We also need a little more glue to load this code on JRuby, and we need some additional logic to map our intended single method WebSocket.mask() onto the Java method WebSocketMask#mask(). Create the file lib/faye.rb with this content:

# lib/faye.rb

# This loads either faye_websocket.so, faye_websocket.bundle or
# faye_websocket.jar, depending on your Ruby platform and OS
require File.expand_path('../faye_websocket', __FILE__)

module Faye
  module WebSocket
    
    if RUBY_PLATFORM =~ /java/
      require 'jruby'
      com.jcoglan.faye.FayeWebSocketService.new.basicLoad(JRuby.runtime)
      
      def self.mask(*args)
        @mask ||= WebSocketMask.new
        @mask.mask(*args)
      end
    end
    
  end
end

As you can see, we need to use the JRuby API to load the extension when running on JRuby. This code will load the native code and then add any glue we need to make everything work correctly. If you run rake compile && irb -r ./lib/faye on either MRI or JRuby you’ll find that the Faye::WebSocket.mask() method works as expected.
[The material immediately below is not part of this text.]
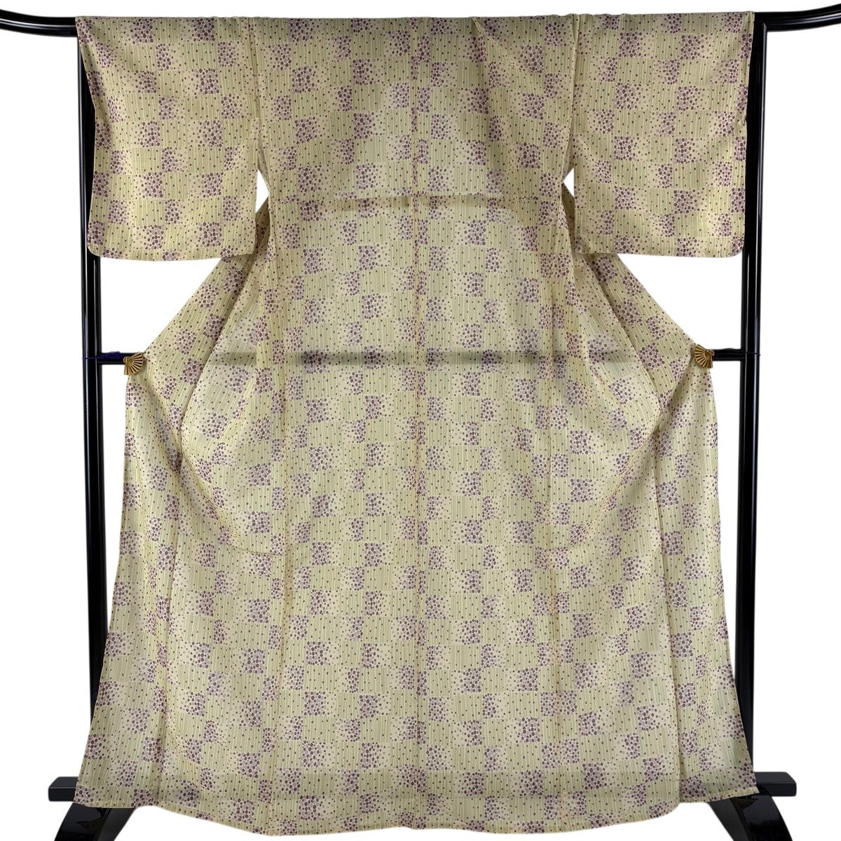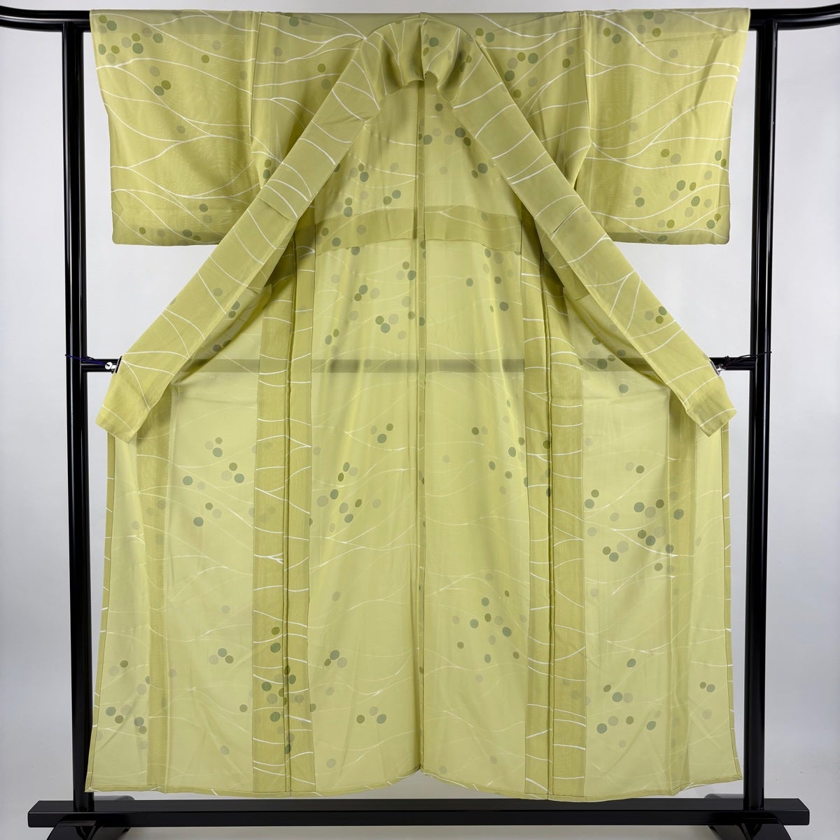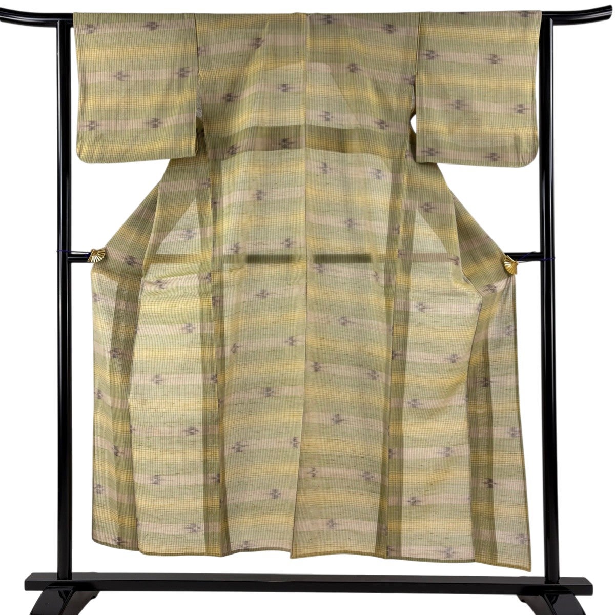 30%OFF 【美品】 小紋 身丈153.5cm 裄丈62cm S 薄物 絽 幾何学 抹茶色 正絹 名品 K30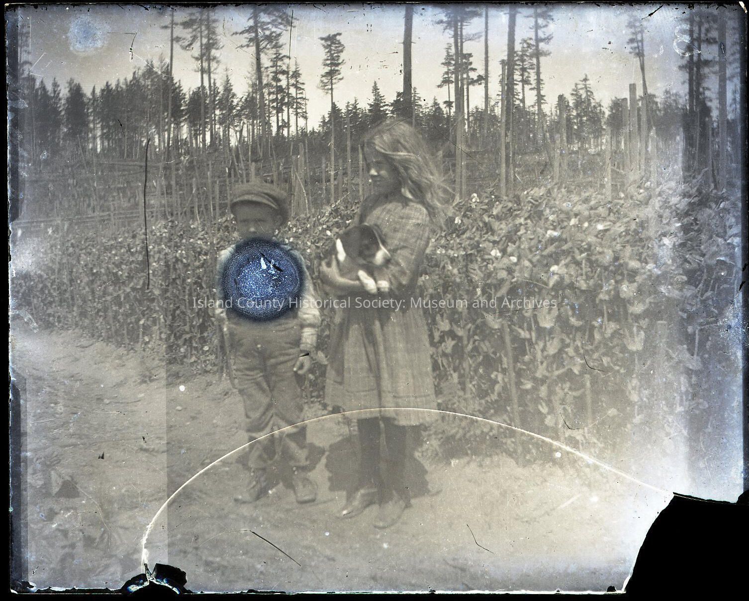 A boy and a girl, who is holding a puppy - standing in probably a farmed field. Dirt road. Trees.

Finally there’s the question of packaging. Unlike compiled C code, compiled Java code is portable to any JVM, so JRuby extensions are not compiled on site. Instead, you put the .jar file in your gem. Your gemspec needs to tell Rubygems to compile on site for MRI, but include the .jar for JRuby.

# faye-webosocket.gemspec

Gem::Specification.new do |s|
  s.name    = "faye-websocket"
  s.version = "0.4.0"
  s.summary = "WebSockets for Ruby"
  s.author  = "James Coglan"
  
  files = Dir.glob("ext/**/*.{c,java,rb}") +
          Dir.glob("lib/**/*.rb")
  
  if RUBY_PLATFORM =~ /java/
    s.platform = "java"
    files << "lib/faye_websocket.jar"
  else
    s.extensions << "ext/faye_websocket/extconf.rb"
  end
  
  s.files = files
  
  s.add_development_dependency "rake-compiler"
end

I’ve put "lib/faye_websocket.jar" as an explicit addition rather than including it in the Dir.glob for two reasons: you don’t want it in the MRI gem, and you want gem build to fail if the file is missing when building on JRuby, which can easily happen if you forget.

Now the final part, which isn’t obvious the first time you do this: you need to release two gems, one generic one and one for JRuby. The s.platform = "java" line means you’ll get a different gem file when building on JRuby. All you need to do is build the gem on two different platforms, and remember to compile before building the JRuby gems.

$ rbenv shell 1.9.3-p194 
$ gem build faye-websocket.gemspec 
  Successfully built RubyGem
  Name: faye-websocket
  Version: 0.4.0
  File: faye-websocket-0.4.0.gem

$ rbenv shell jruby-1.6.7 
$ rake compile
install -c tmp/java/faye_websocket/faye_websocket.jar lib/faye_websocket.jar
$ gem build faye-websocket.gemspec 
  Successfully built RubyGem
  Name: faye-websocket
  Version: 0.4.0
  File: faye-websocket-0.4.0-java.gem

Just push those two gem files to Rubygems.org, and you’re done.